The credit storm which began in July when two Bear Stearns hedge funds were forced to liquidate, has continued to intensify. Last week the noose tightened around auction-rate securities, a little-known part of the market that requires short-term funding to set rates for long-term municipal bonds. The $330 billion ARS market has dried up overnight pushing up rates as high as 20 per cent on some bonds — a new benchmark for short term debt. Auction-rate securities are now headed for extinction just like the other previously-vital parts of the structured finance paradigm.
There is no chance that the economy will rebound until housing prices stabilize and the rate of foreclosures returns to normal. But that could be a long way off. With housing inventory at historic highs and mortgage applications at new lows, the economy could keep somersaulting down the stairwell for a good two years or more. Only then, will we hit rock-bottom.
The country is now headed into a deep and protracted recession. Low interest credit and financial innovation have paralyzed the credit markets while inflating a monstrous equity bubble that is wreaking havoc with the world's financial system. The new market architecture, "structured finance", has collapsed under the stress of falling asset-values and rising defaults. Many of the banks are technically insolvent already, drowning in their own red ink. Public confidence in the nations' financial institutions has never been lower. Monetary policy and deregulation have failed. The system is self-destructing.
Now that the credit crunch has rendered the markets dysfunctional, spokesmen for the investor class are speaking out and confirming what many have suspected from the very beginning; that the present troubles originated at the Federal Reserve and, ultimately, that's where the responsibility lies. In an article in the Wall Street Journal this week, Harvard economics professor and former Council of Economic Advisers under President Reagan, Martin Feldstein, made this candid admission:
"There is plenty of blame to go around for the current situation. The Federal Reserve bears much of the responsibility, because of its failure to provide the appropriate supervisory oversight for the major money center banks. The Fed's banking examiners have complete access to all of the financial transactions of the banks that they supervise, and should have the technical expertise to evaluate the risks that those banks are taking. Because these banks provide credit to the nonbank financial institutions, the Fed can also indirectly examine what those other institutions are doing.

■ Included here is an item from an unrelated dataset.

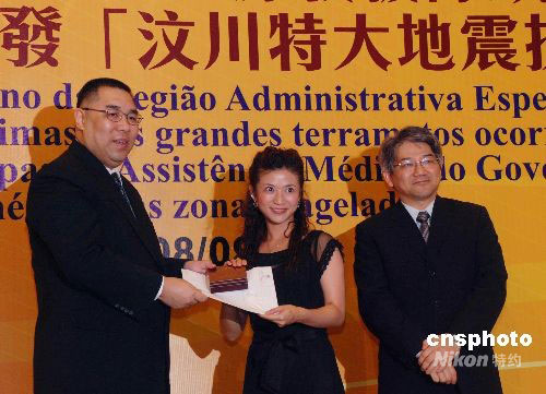 澳門特區政府社會文化司司長崔世安(左)及衛生局局長李展潤(右)九月三日晚向澳門援助四川地震災區的三批五十六名醫護人員逐一頒發獎狀及四川省政府贈送的“抗震救災紀念章”,以表彰他們的貢獻。中新社發 畢永光 攝

The Fed's bank examinations are supposed to assess the adequacy of each bank's capital and the quality of its assets. The Fed declared that the banks had adequate capital because it gave far too little weight to their massive off balance-sheet positions — the structured investment vehicles (SIVs), conduits and credit line obligations—that the banks have now been forced to bring onto their balance sheets. Examiners also overstated the quality of the banks' assets, failing to allow for the potential bursting of the house price bubble. The implication of this for Fed supervision policy is clear. The way out of the current crisis is not."
How odd. So, when all else fails; tell the truth?
But Feldstein is right; the Fed refused to perform its oversight duties because its friends in the banking industry were raking in vast profits selling sketchy, subprime junk to gullible investors around the world. They knew about the "massive off balance-sheet positions" which allowed the banks' to create mortgage-backed securities and CDOs without sufficient capital reserves. They knew it all; every last bit of it, which simply proves that the Federal Reserve is an organization which serves the exclusive interests of the banking establishment and their corporate brethren in the financial industry.
RLCC: Well, the responsibility lies with the plutocrats behind the Federal Reserve. They are the ones who get the chairman to do what he does. They are the hand that feeds. No chairman will dare bite that hand. No one will ever rise to be selected as chairman who hasn't proved he is very willing to go along with the whole scheme of duping the people to rip them off over and over and over via scientifically created booms and busts and through usury and taxes to pay back interest.
The people should not pay taxes to pay interest to anyone for having printed tender deemed legal by the people's government. It's stupid on top of stupid. There should be no private central bank. Any central bank should belong to all the people and not to the wealthiest and most secretive families. Of course, a central bank is totally unnecessary to running a great economy (household management).
The best economy is simply giving the highest quality of life to all the people forever. That's the measure. Money is not necessary to that end. In fact, money is counter-productive to it. The highest quality of life is only achievable where everyone has everyone else's best interest at heart. That doesn't result from using a medium of exchange. It results from everyone giving to everyone else without holding out for being paid back. If everyone does that, everyone will have everything everyone needs and will owe no one for it but God who is the whole, the one. That's the teaching of Jesus Christ. That's his political economics. He's right! The sooner we do it, the better. Bring forth!